Не успела она подняться на верхний мостик, как все не занятые делом матросы, позабыв о своих трубках, тут же расселись вокруг деревянных перил, являя собою зрелище ночной любовной серенады, только наоборот, со слушателями внизу и певицею на балконе.
Пинар улыбнулась, явно польщенная таким вниманием. Она извлекла из своего инструмента несколько резких, звенящих нот, потом, вложив в пальцы побольше силы, заиграла громче и закружилась в танце. Она извивалась, словно змея, и все тело ее изгибалось с такой легкостью и плавностью, что казалось, оно было вовсе без костей.

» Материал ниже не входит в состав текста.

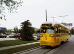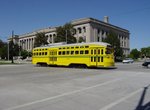 The City of Kenosha constructed an electric streetcar system utilizing historic PCC streetcars in coordination with the Harborpark Development on the shores of Lake Michigan. The Kenosha streetcar system will connect the 64 acre Harborpark development into the existing central city area and the METRA commuter rail station. Installation of the track subbase was completed in the fall of 1998, and the streets in Harborpark were completed in the fall of 1999 including the streetcar track. Electric overhead construction was completed in April of 2000. The first of five ex-Toronto PCC streetcars was delivered on Thursday, May 4, 2000. Each car is painted in a unique livery that represents a transit system that operated PCC streetcars. The dedication of the Streetcar line and the new Transit Center was held on June 17, 2000, with scheduled service starting on June 19, 2000
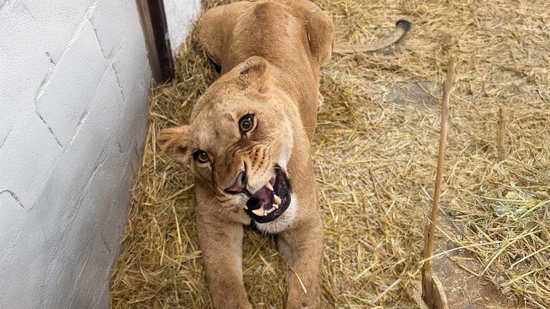 Левицю Сімбу, яку забрали з приватного притулку, тепер звуть Аніса, лютий 2026 року. “Wild Animals Rescue Center”
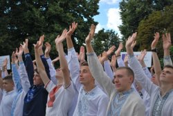 Розпочалася посвята з цікавого флешмобу. Цьогоріч українці відсвяткували 30 років незалежности нашої країни, тому студенти вишу утворили собою цифру 30, а всередині нуля зробили букву U – університет, Україна. Все це зафіксували з квадрокоптера.
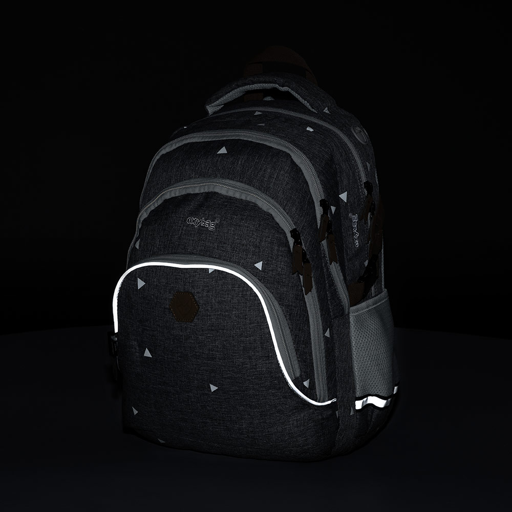 Oxy Scooler is a three-compartment backpack for pupils and students with a side bottle pocket, organizer, inner small pocket and also has a pocket for notebooks up to 15 ". Adjustable shoulder straps and chest strap together with anatomically shaped breathable back system for maximum wearing comfort. Of course, there are reflective elements.
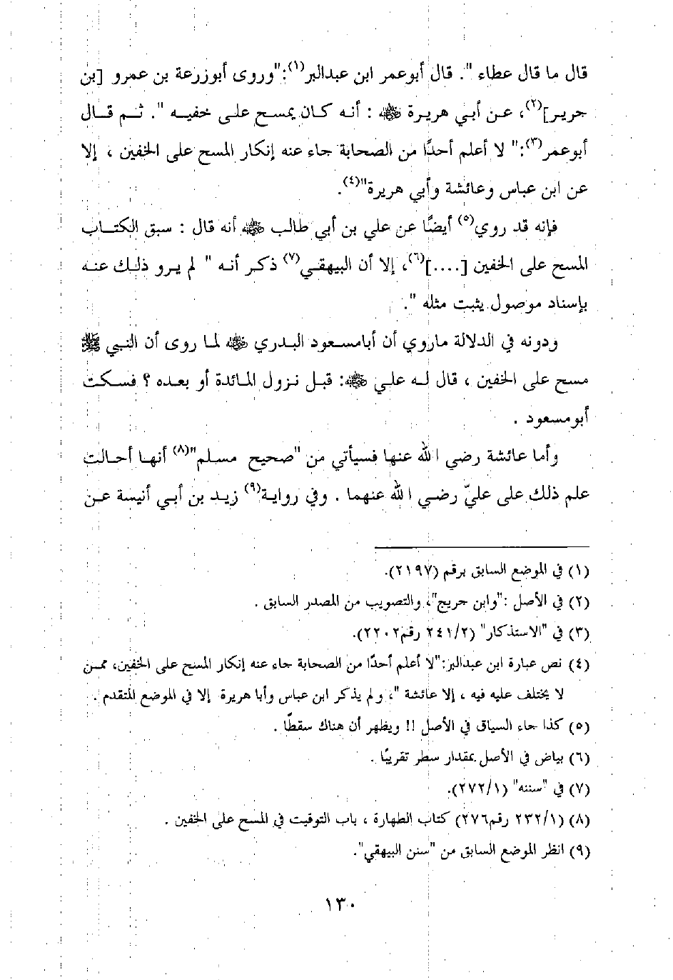 قال ما قال عطاء ". قال أبو عمر ابن عبد البر: "وروى أبو زرعة بن عمرو [بن جرير]، عن أبي هريرة رضي الله عنه: أنه كان يمسح على خفيه". ثم قال أبو عمر: "لا أعلم أحدا من الصحابة جاء عنه إنكار المسح على الخفين، إلا عن ابن عباس وعائشة وأبي هريرة.
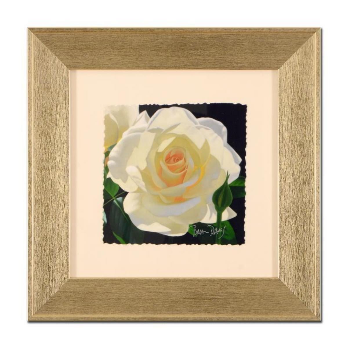"French Lace with Bud" is a limited edition giclee on paper by Brian Davis. This piece is custom framed and comes with a fine art book celebrating Davis' floral collections. Both the book and print are numbered and hand signed. Includes Letter or Authenticity. Measures approx. "16 x 16" (frame); 8" x 8" (image). Book measures approx. 10" x 11."
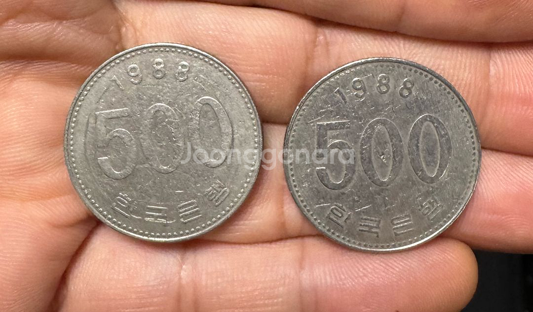 1988년 발행된 500원 동전 2개입니다. 양면에 날개 뻗는 새 모티브가 있고, 사용감은 있지만 상태 양호해요. 지역 : 대구 개당가격 : 15만원

Поначалу бывший пират думал, что девушка испанских кровей и не говорит по-французски, ведь до сих пор она только смеялась. Однако вскоре он понял, что ошибся, и потом все больше и больше убеждался, что она отнюдь не была добычей, захваченной вместе с прочими трофеями, а скорее всего, успела уже побывать на многих кораблях, как французских, так и английских, ибо сперва напевала какой-то корнуэльский мотив, а потом сразу же перешла на одну из тех незатейливых песенок, что звучали во всех уголках Антильских островов:
Когда с дружком любезным жду я встречи,
Ни в чем не стану я ему перечить.
Ах, насладимся мы любовью так и сяк,
Ведь ублажить мужчину не пустяк…
Поверьте, круглой дурой надо быть,
Чтоб не заставить белого платить.
Веселая команда хором повторяла последнюю фразу, будто издеваясь над самими собой, ведь среди них не было ни единого человека, кто бы, плавая по тропикам, хоть раз, на одном из островов Карибского архипелага, не оказался бы жертвой какой-нибудь креолки — то есть вовсе не обязательно цветной, но непременно женщины, рожденной в колонии, — ибо, как признавал в своих рапортах даже сам командор, «они зажигаются точно порох, неудержимы в сладострастье и наделены любовным магнетизмом».
Пинар танцевала босой. И в своей стремительной невесомости лишь большими пальцами ног едва касалась помоста. Время от времени она резкими движениями перебрасывала с плеча на плечо свой инструмент, однако ни на мгновенье не прекращая играть и неизменно сохраняя все тот же такт, все тот же стремительный ритм.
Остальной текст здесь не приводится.